Yeganeh Reuven 4
Research Summary
AI-generated summary
BiomX (PHGE) 10% Owner Yeganeh Reuven Sells Shares
What Happened Yeganeh Reuven, reported as a 10% owner (via Pyu Pyu Capital, LLC), converted Series Y convertible preferred stock into common stock and then sold the resulting securities across March 16–17, 2026. The filing shows conversions of 450,000 shares (3/16) and 530,000 shares (3/17) at a $2.00 conversion price (total cost $1,960,000), and multiple disposals/sales totaling approximately 5,980,000 shares that generated roughly $29,972,000 in proceeds.

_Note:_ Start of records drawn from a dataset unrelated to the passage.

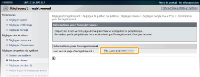 Cliquez sur le lien de l'URL affichée pour [Lien vers la page d'enregistrement ].
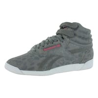 A pair of grey sneakers with a patterned design on the upper part and a white sole. The sneakers have a lace-up front, a tongue with a logo, and a heel counter with a strap and buckle. The shoes are placed against a white background. | Reebok F/S Hi Eden Women's Shoes | e0ee8bffcf9ab3f5662c6b990943ac80f8209edfe118d23bde8903108104ccdb | 001401448388 | 0 | 0 | 45 | 6 | 0 | 0 | |
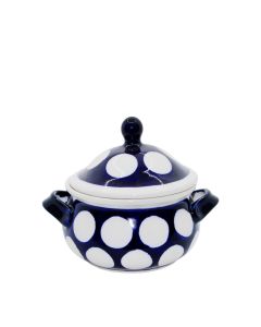 D-26Kolor kobaltowy i kremowy to zawsze doskonała kombinacja kolorów, która od dziesięcioleci pojawia się na ceramice. Ten dekor jest prosty, klasyczny, chociaż nie można jednoznacznie stwierdzić, że odnosi się do tradycji Bolesławca. Grochy? Kropki? Punkty? Nazwij to jak chcesz, ale koniecznie spróbuj, jak smakuje herbata w filiżance z takim motywem.

Several small conversion/disposition line items at $0.00 were also reported (900 and 1,060 shares). Overall the transactions show acquisitions via conversion followed by substantial sales (net material sell activity).
Key Details
- Transaction dates: March 16–17, 2026; Form 4 filed March 18, 2026.
- Conversions (acquisitions): 450,000 @ $2.00 on 3/16 ($900,000); 530,000 @ $2.00 on 3/17 ($1,060,000). Total converted = 980,000 shares ($1,960,000).
- Sales (dispositions): 450,000 @ $5.00; 530,000 @ $5.00; 1,300,000 @ $5.00; 2,000,000 @ $5.24; 1,700,000 @ $4.76 — total ≈ 5,980,000 shares for ≈ $29,972,000.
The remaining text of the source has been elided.